In the same week recently, the Episcopal Church commemorated the 474th anniversary of Martin Luther’s death, and the 125th anniversary of the death of Frederick Douglass. I presided at the daily service for “Theologian,” Martin Luther, and the one for “Prophetic Witness,” Frederick Douglass, at Saint Stephen’s.

At our church, we build our daily services around the commemoration of holy people, like Luther and Douglass, because of their relevance, not only for our inner lives but also to consider how we might choose to conduct ourselves differently. In the case of Martin Luther and Frederick Douglass, I see an opportunity to explore what is, I believe, a wonderful connectedness out of which we might begin to see a new path for ourselves.
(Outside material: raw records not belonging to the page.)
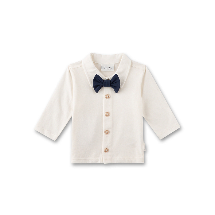 Рубашка Sanetta Fiftyseven – идеальный выбор для маленького модника! Изготовлена из 100% натурального хлопка, она дополнена элегантным бантом и пуговицами. Классический дизайн и высокое качество делают эту рубашку отличным аксессуаром для вашего ребенка. На фотографиях видна аккуратная отделка воротника и пуговицы, а также элегантный бантик на груди. Рубашка подойдет для новорожденных и младенцев.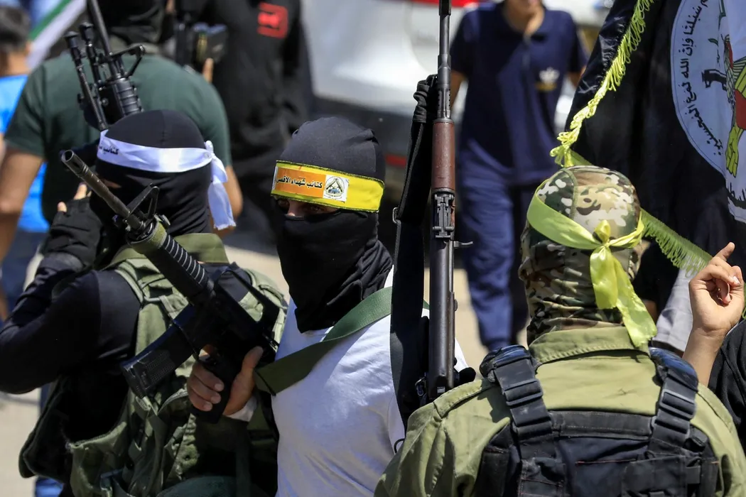 Gunmen attend the funeral of Palestinian youth Othman Abu Khurog, 17, at Zababdeh village near Jenin in the occupied West Bank, on August 22, 2023. Abu Khurog was killed when clashes erupted in Zababdeh, which Israeli forces had entered to make an arrest, the official Palestinian news agency Wafa reported. The Israeli army said in a statement that troops had opened fire after "explosive devices" were thrown at them, adding "a hit was identified".,Image: 799185996, License: Rights-managed, Restrictions: , Model Release: no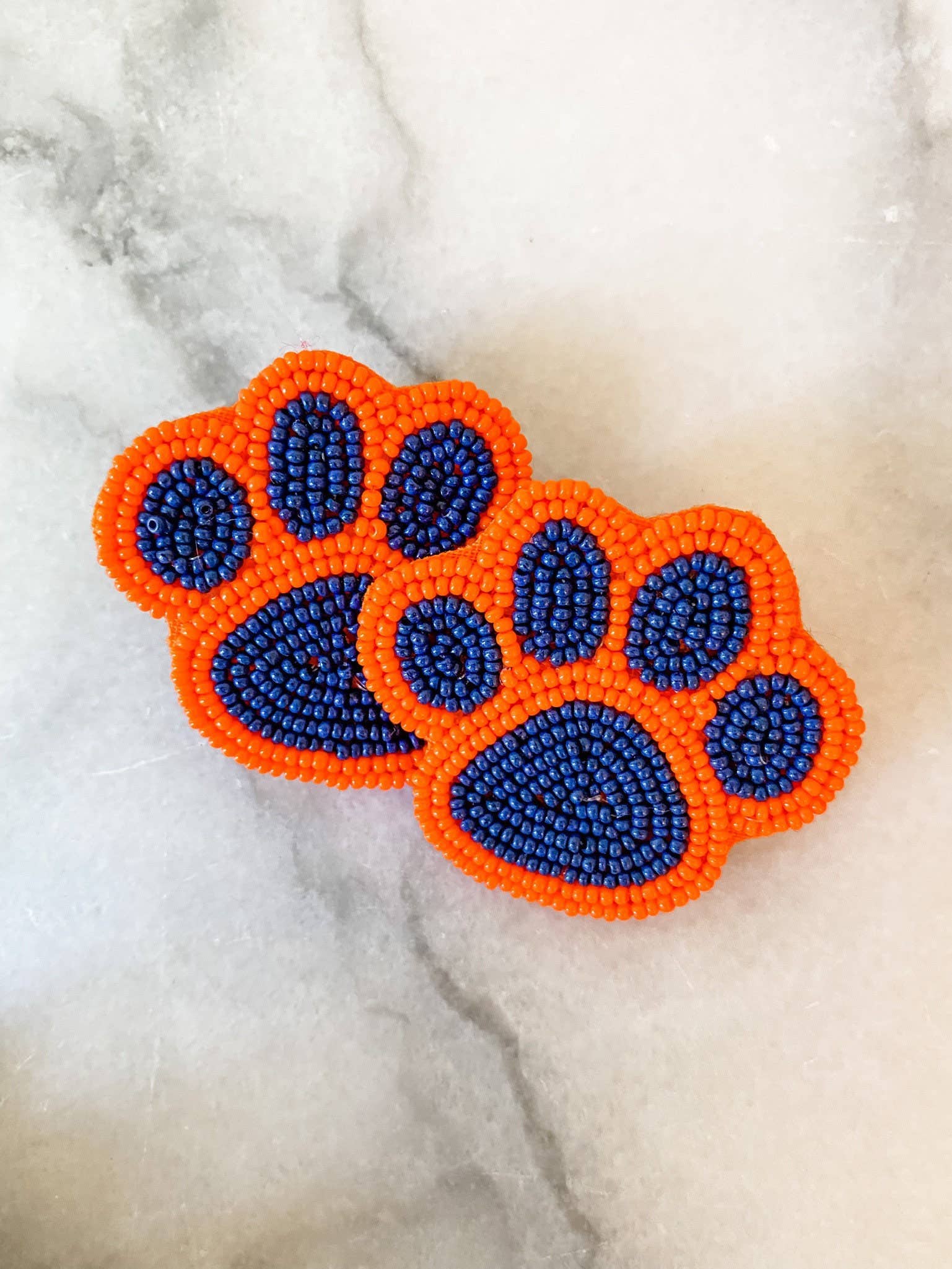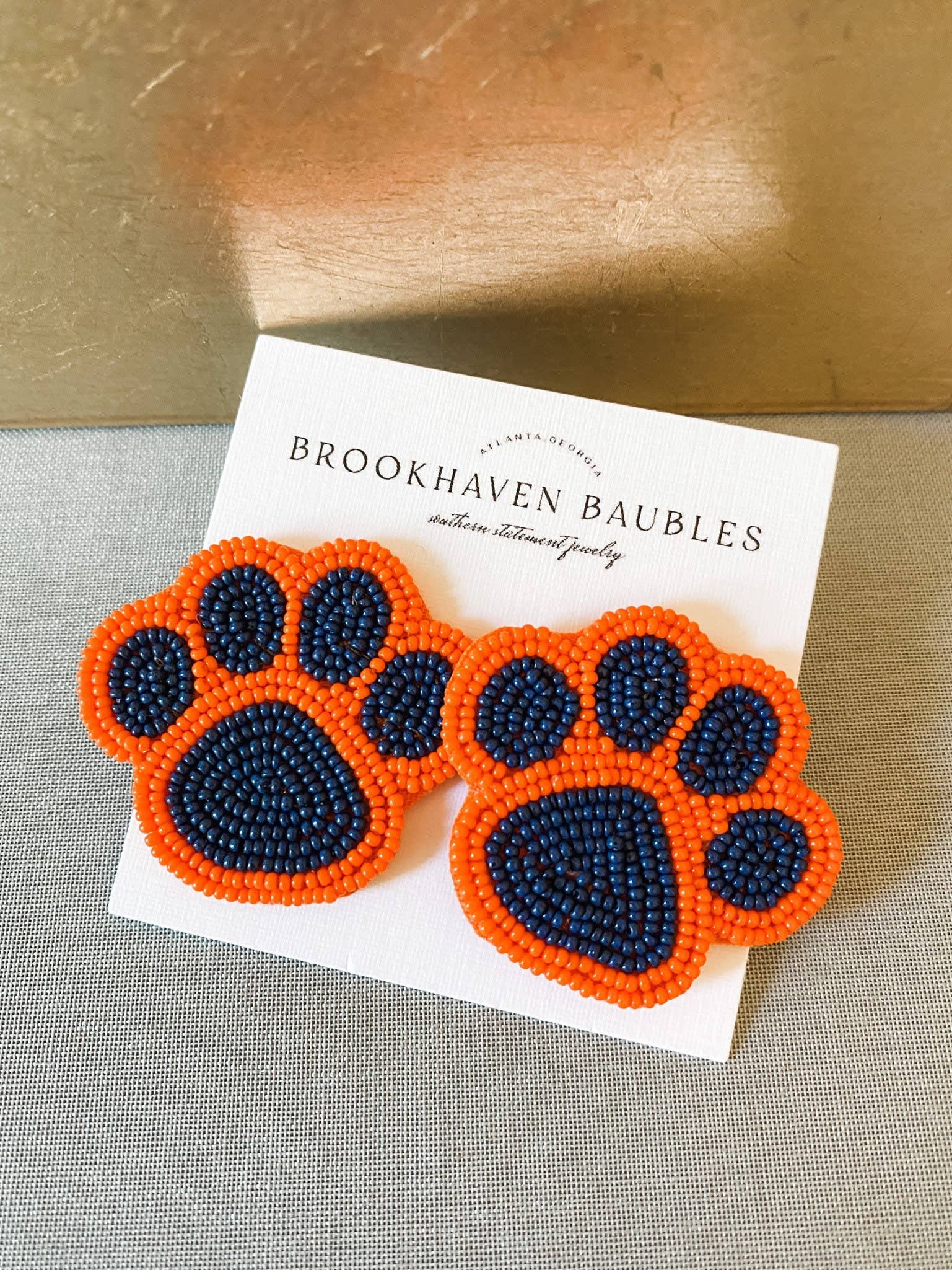 Navy Blue & Orange Paw Beaded Auburn Tigers Earrings

As I thought about this connectedness, I looked for common elements and I found them in a well-known tale from the Desert Fathers.

“Master,” the disciple asked, “what can I do to free myself”? And the Holy One answered, “who was it who put you in chains”?

Martin Luther, 1483-1546

As I considered this little story, I realized that the ideas of personal responsibility and enslavement are the important elements to examine. The Master is telling the disciple that he can find freedom when he faces the fact that he put himself in chains-- that he enslaved himself. But now he has a choice. And the tale leads us to see that Luther and Douglass were able to break their own “inner chains” and, as a result, create significant institutional and social change.
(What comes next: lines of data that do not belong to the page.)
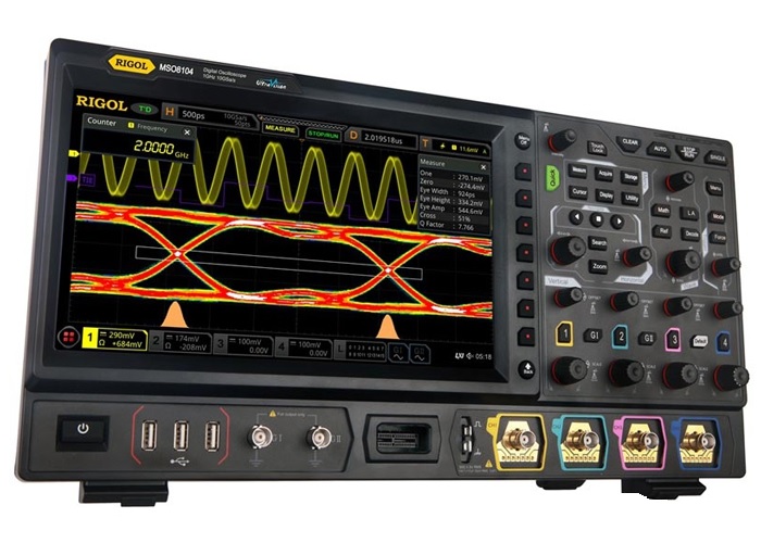 Цифровой осциллограф смешанных сигналов MSO8064 оперирует новейшей разработкой компании Rigol - процессором "Phoenix", что обеспечивает частоту дискретизации в реальном времени до 10 Гвыб/с, а технология UltraVision 2 позволяет увеличить размер глубины записи до 500 М точек, скорость захвата осциллограмм до 600000 осц/с, а максимальный размер кадров при анализе осциллограмм - до 450000. В осциллографе MSO8064 имеется большой сенсорный дисплей, что наряду с традиционными органами управления на передней панели прибора делает пользовательский интерфейс простым и удобным, а также предоставляет возможность использовать зональный запуск.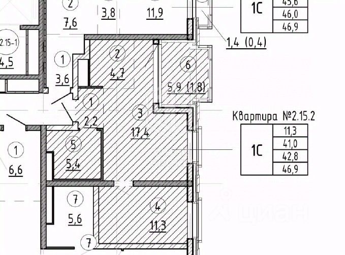 Общая площадь: 47 кв.м.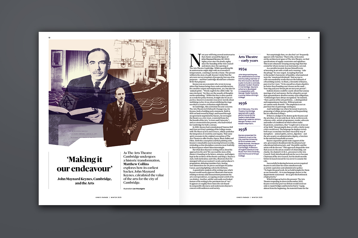 Smith recently won a 3-way pitch to redesign King's Parade – the alumni magazine for King's College, Cambridge. Smith's presentation proposed a restyling that would bring the magazine's look more inline with the college's new visual identity. It also featured the adoption of a wider, A4+ format for the magazine, enabling a more varied use of the grid, a new restyled masthead, and a simpler, cleaner typographic approach. Printed by the Lavenham Press, the new look magazine has just been published and distributed to alumni. The print version is accompanied by a new online Shorthand edition.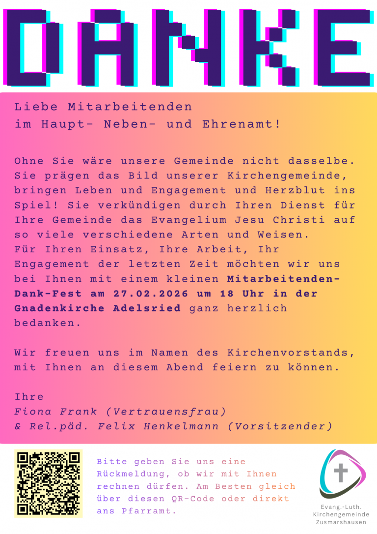 Herzlich Willkommen auf der Homepage unserer Kirchengemeinde! Aktuelles Gottesdienst zum Valentinstag Weiterlesen Einladung zum Mitarbeitenden-Dank, 27.02. Weiterlesen „Miteinander am Nachmittag“ im Februar Weiterlesen Jahresspende – Ihr Beitrag für die Gemeinde Weiterlesen Kinderaktion “Komm, spiel mit!” Weiterlesen Gottesdienst on Tour – Reisesegen in der Autobahnkirche Weiterlesen Gottesdienst on Tour – Gottesdienst im Grünen Weiterlesen Ökumen. Valentins-Gottesdienst, 16.02. Weiterlesen Abschied von Diakon Matthias Schrank (Bericht) Weiterlesen Vertrauenspersonen des KV gewählt Weiterlesen Prüft alles und behaltet das Gute – Jahreslosung 2025 Weiterlesen Diakon Schrank verabschiedet sich Weiterlesen Seniorenkino, 24.01. Weiterlesen Pressemitteilung – Ergebnis der Kirchenvorstandswahl Weiterlesen Informationen zur personellen Situation Weiterlesen Alle Beiträge anzeigen Nächste Gottesdienste Alle Veranstaltungen anzeigen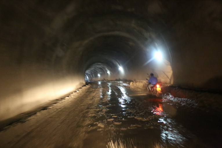 完全沒有照明,顛簸加積水的隧道。

In 1517, Martin Luther wrote and published the “Disputation of Martin Luther on the Power and Efficacy of Indulgence,” the document that is at the very heart of the famous “95 Theses.” Luther’s opposition to the selling of indulgences by the Catholic Church in order to fund the building of Saint Peter’s Basilica in Rome was the breaking of the chains of Catholicism and the creation of a “reformed” Catholicism, which was to become the beginning of the Protestant Reformation. Luther’s declaration, ”Here I stand, I cannot do otherwise; God help me! Amen” was not only the “breaking of the chains’’ but became the basis for a much more personal and engaged form of organized religion, in his case, Lutheranism. Luther’s own faith, grounded in a robust theology, could not tolerate the practices and theological thinking of the 16th-Century Roman Catholic church and its establishment, and he was willing to do everything he could to find a new way for organized religion, a way that was not the Catholic Church with which he knew he could not agree.
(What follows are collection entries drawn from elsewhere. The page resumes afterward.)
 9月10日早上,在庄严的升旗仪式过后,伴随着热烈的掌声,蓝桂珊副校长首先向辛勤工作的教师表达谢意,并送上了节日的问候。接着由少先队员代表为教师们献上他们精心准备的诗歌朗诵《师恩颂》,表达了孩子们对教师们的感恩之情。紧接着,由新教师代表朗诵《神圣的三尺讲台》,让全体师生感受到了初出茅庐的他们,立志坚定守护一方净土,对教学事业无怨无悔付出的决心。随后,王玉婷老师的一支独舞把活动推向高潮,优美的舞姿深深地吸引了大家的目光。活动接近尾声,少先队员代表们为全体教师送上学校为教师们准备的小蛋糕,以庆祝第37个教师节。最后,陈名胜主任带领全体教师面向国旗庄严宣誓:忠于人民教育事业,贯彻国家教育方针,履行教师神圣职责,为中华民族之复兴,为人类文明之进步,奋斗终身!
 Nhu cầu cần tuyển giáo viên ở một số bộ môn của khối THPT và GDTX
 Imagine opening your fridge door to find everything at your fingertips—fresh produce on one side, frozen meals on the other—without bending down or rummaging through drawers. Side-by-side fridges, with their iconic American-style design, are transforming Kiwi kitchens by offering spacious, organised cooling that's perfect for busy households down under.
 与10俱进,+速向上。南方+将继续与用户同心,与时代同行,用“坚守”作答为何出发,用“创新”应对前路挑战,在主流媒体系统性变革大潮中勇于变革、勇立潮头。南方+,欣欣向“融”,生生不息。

Frederick Douglass, 1818-1895

Born as a slave, Frederick Douglass fought his whole life against discrimination and enslavement of any kind and took perhaps his most public stand in 1847 when he founded “The North Star,” one of the first abolitionist newspapers in the U.S. and, in every issue, Douglass included the paper’s motto: Right is of no sex-Truth is of no color-God is the Father of us all and we are all brethren. While he was alive, Douglass did everything he could to break the chains of enslavement, becoming a renowned orator, writer, and public figure. One important stand Douglass took was against those churches that did not disassociate themselves from slavery. He used words from the Gospel of Matthew (23:4). They tie up heavy burdens, hard to bear, and lay themselves on the shoulders of others; but they themselves are unwilling to lift a finger to move them. Not surprisingly, it is not hard to imagine Martin Luther using the same words from Matthew to describe the Catholic establishment of the 16th century.

As we come back to the Master and his disciple, it would seem to me that we can look to Martin Luther and Frederick Douglass as guides and models for our own personal journeys in faith and moral behavior. In taking seriously their lives and their witness, we must ask a hard question: What is keeping us from doing what we are called to do as people of Faith to break the “chains” of injustice all around us? Like Martin Luther and Frederick Douglass, we need to hear our lives telling us who we are and what we need to do.